Voy a tratar de ser sincero. Es posible que en la decisión de explorar el relato fantasioso como forma de comunicación haya operado cierta fatiga frente a la pelea cotidiana por ser creíble. Menem me llamó "delincuente periodístico" y debí pintarme los dedos incontables veces en los juzgados federales de los 90. Cavallo me llamo "idiota útil del narcotráfico". Yabrán me incluyó en "una mafia comandada por Duhalde y la Policía Bonaerense". Cristina me trató de "misógino" y "destituyente". Los macristas me dicen "kirchnerista" y me putean en las redes sociales como hasta ayer lo hacían los K. Si logro hacer entender que no estoy con el uno ni con el otro, seguro me "paga" Massa. O soy un "mercenario" y chau. Entonces me pregunto: si hasta yo he sido "novelado" por el poder y sus acólitos, ¿por qué no animarme a mi primera novela luego de tres libros de investigación periodística?
Tuvo sus traumas el cambio de género literario. Los periodistas somos esclavos de los expedientes, de las indagaciones, de las entrevistas en on y en off, de los archivos… Esos documentos son, a la vez, salvavidas: la vagancia de copiarlos y pegarlos puede llegar a rellenar cualquier bache de inspiración narrativa sin que nadie tenga derecho a cuestionar las formas, porque, al fin y al cabo, uno es periodista y debe, básicamente, informar. Si bien detrás de Locos… hay documentación sobre casos y circunstancias equis, manda la obligación de escribir bien, definir personajes como si estuvieran vivos de veras, ser verosímil. Por más que la realidad esté en la base de la narración, la irrealidad pelea por imponerse y, de a ratos, eso se parece demasiado a la locura. Jamás consumí drogas, como Mito Valdivia, pero construir personajes es un acto alucinógeno. Así fue que Valdivia y todos los demás me reclamaron atención por lo bajo mientras debía ocuparme de Cristina, de Macri, de la inflación y lo que sea en el trabajo y de mis afectos fuera de él, durante más de un año.

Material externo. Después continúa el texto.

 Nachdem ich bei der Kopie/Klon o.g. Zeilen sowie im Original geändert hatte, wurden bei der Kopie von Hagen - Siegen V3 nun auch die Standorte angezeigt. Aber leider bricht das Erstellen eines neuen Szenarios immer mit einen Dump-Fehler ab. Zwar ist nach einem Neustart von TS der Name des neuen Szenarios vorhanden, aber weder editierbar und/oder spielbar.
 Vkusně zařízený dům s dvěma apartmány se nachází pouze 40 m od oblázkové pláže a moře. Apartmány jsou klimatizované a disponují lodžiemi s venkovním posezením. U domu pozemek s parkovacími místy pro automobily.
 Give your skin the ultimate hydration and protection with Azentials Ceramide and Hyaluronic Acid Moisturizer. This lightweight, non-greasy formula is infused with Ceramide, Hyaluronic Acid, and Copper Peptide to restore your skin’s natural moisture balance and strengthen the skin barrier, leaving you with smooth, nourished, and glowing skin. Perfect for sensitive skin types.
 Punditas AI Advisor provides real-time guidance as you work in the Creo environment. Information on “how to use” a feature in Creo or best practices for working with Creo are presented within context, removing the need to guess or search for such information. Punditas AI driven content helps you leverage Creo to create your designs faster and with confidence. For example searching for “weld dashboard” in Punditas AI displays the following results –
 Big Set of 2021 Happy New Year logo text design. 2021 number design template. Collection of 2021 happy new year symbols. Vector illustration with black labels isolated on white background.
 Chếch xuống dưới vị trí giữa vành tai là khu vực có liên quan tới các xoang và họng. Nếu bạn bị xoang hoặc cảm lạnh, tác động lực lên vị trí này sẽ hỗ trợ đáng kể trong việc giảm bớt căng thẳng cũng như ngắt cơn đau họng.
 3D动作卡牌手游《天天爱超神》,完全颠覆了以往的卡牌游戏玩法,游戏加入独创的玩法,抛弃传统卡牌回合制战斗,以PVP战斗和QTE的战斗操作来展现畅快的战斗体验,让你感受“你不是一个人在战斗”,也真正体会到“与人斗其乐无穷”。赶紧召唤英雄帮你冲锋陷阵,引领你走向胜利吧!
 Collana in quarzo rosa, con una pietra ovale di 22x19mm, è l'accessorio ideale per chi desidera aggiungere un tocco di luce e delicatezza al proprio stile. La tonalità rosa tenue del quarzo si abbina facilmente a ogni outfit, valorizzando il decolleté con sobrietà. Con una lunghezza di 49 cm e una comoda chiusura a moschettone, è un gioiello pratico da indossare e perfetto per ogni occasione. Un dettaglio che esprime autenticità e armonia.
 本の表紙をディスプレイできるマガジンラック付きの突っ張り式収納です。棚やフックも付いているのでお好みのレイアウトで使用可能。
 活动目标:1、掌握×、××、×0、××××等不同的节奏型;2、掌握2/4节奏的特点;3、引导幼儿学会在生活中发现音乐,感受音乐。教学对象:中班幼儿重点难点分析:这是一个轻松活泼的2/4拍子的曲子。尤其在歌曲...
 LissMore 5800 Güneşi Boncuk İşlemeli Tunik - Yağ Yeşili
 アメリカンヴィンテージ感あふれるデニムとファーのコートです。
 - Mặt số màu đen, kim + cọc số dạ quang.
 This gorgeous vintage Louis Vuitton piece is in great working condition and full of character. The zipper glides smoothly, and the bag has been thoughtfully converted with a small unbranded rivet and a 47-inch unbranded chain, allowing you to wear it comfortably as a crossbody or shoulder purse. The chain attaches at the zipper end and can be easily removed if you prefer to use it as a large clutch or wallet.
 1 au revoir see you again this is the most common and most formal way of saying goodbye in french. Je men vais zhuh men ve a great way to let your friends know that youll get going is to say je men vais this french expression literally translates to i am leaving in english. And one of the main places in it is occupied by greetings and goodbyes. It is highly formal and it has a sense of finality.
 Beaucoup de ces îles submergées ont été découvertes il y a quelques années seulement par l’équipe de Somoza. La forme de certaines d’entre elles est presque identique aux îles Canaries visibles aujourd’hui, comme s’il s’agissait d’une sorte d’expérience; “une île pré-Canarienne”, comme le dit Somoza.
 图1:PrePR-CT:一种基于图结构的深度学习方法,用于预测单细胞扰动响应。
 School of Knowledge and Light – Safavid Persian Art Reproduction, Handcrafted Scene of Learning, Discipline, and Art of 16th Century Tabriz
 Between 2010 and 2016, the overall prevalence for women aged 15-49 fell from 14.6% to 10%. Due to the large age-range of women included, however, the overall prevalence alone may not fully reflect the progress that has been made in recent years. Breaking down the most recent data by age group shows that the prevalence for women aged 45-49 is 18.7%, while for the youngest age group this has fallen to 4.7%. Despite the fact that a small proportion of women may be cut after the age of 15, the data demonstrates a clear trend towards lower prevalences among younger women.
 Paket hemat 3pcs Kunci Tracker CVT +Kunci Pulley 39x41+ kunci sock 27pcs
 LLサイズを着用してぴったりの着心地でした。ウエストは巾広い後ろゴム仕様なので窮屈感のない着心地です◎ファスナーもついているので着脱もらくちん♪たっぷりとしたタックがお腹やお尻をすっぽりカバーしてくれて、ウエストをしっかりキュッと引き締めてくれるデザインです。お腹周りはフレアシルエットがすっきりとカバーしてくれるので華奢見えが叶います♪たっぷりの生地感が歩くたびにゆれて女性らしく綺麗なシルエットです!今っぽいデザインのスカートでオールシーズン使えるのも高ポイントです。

Escribir es un ejercicio apasionante. Incluso en el periodismo implica inventar, de alguna manera, porque las cosas pueden contarse de innumerables maneras. Dichas pasiones, a veces, son encontradas. Placer. Enojo. Goce y sufrimiento. Horas de diez mil caracteres entusiastas, fáciles. Días de apenas tres párrafos mal hechos. Desiertos asfixiantes.
Uno no escribe solo cuando está escribiendo. La "hoja de ruta" del libro la hice con birome negra en un mantel de papel de un bodegón de Barracas, además de llenar servilletas de otros bares con apuntes. Me mandé mails a mí mismo con ideas, escenas, datos, links de notas periodísticas de otros. Salté de la cama en medio de la noche a cambiar párrafos. Descubrí y definí personajes y circunstancias de ellos mismos en larguísimas charlas por chat. Recibí clases teóricas de tiro y aprendí los procesos hormonales por culpa de Valdivia, que se enreda con una tiradora y está obsesionado con descubrir el origen de su angustia existencial. Se me contracturaron las cervicales escribiendo. Fumé de más.
En cuanto al resultado, los lectores dirán. Solo les confieso que me divertí horrores, valga la contradicción.